So this may be highlighting a deeper misunderstanding I have with the StrainPhlAn process, but how are the marker gene sequences from the reference genomes found? I was having a closer look at the alignments because I was surprised at how far away the reference genome (Bifidobacterium_breve) I inputed was from most of my samples. I noticed that I can’t actually find where the marker sequences in the concatenated alignment file for the reference genome are located in the original reference genome I inputted.
For the reference sequences, StrainPhlAn relies on PhyloPhlAn to retrieve the marker sequences. Internally, PhyloPhlAn will map (by default using BLASTn) the marker gene sequences from the MetaPhlAn database against the reference genome contigs to identify and extract them.

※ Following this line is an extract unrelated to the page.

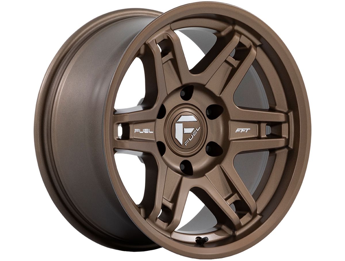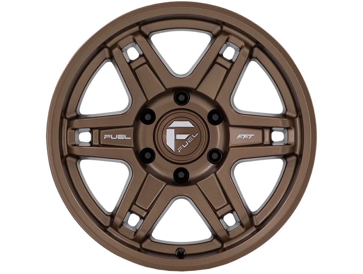 The wheel is covered in a matte bronze finish that is enhanced by the logos on the spokes. The center cap is adorned with the Fuel logo to complete the look.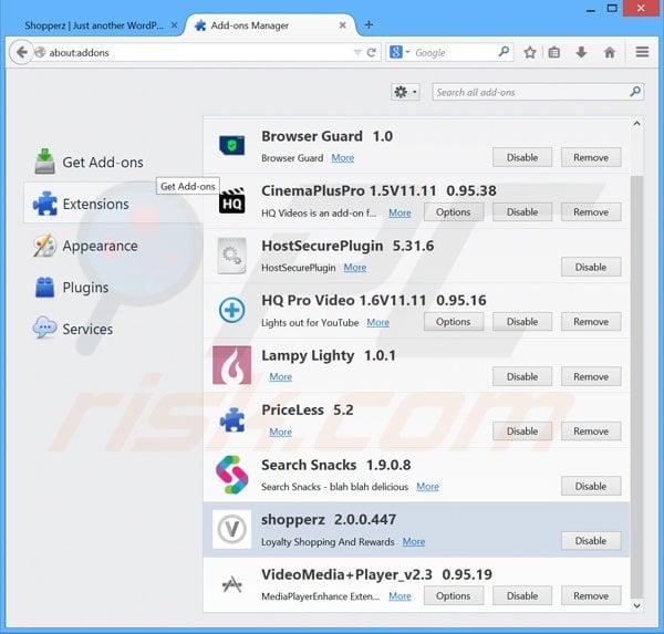 - STEP 4. Remove 'Ads by Shopperz' from Mozilla Firefox.

Notice that the concatenated alignment file produced in the output folder has already been trimmed (by removing non variant and gappy positions of the alignment) so it is practically impossible to map back to the reference contigs. However, if you run StrainPhlAn with the parameter
--debug, you will keep the temporal folders generated within the execution. Within the temporal folder, you can explore the
markers_dna folder and find the marker sequences for each of the reference genomes and samples.
Thanks so much for the reply. So are the regions shown in the alignment only the variable regions? Does that affect the calculation of the distance measures in the tree?
Yes, only the variable (in more than 1% of the samples) and non gappy (less than 33% of gaps) positions are kept. As evaluated in the PhyloPhlAn 3 paper (Precise phylogenetic analysis of microbial isolates and genomes from metagenomes using PhyloPhlAn 3.0 | Nature Communications) this will not affect the distance measures.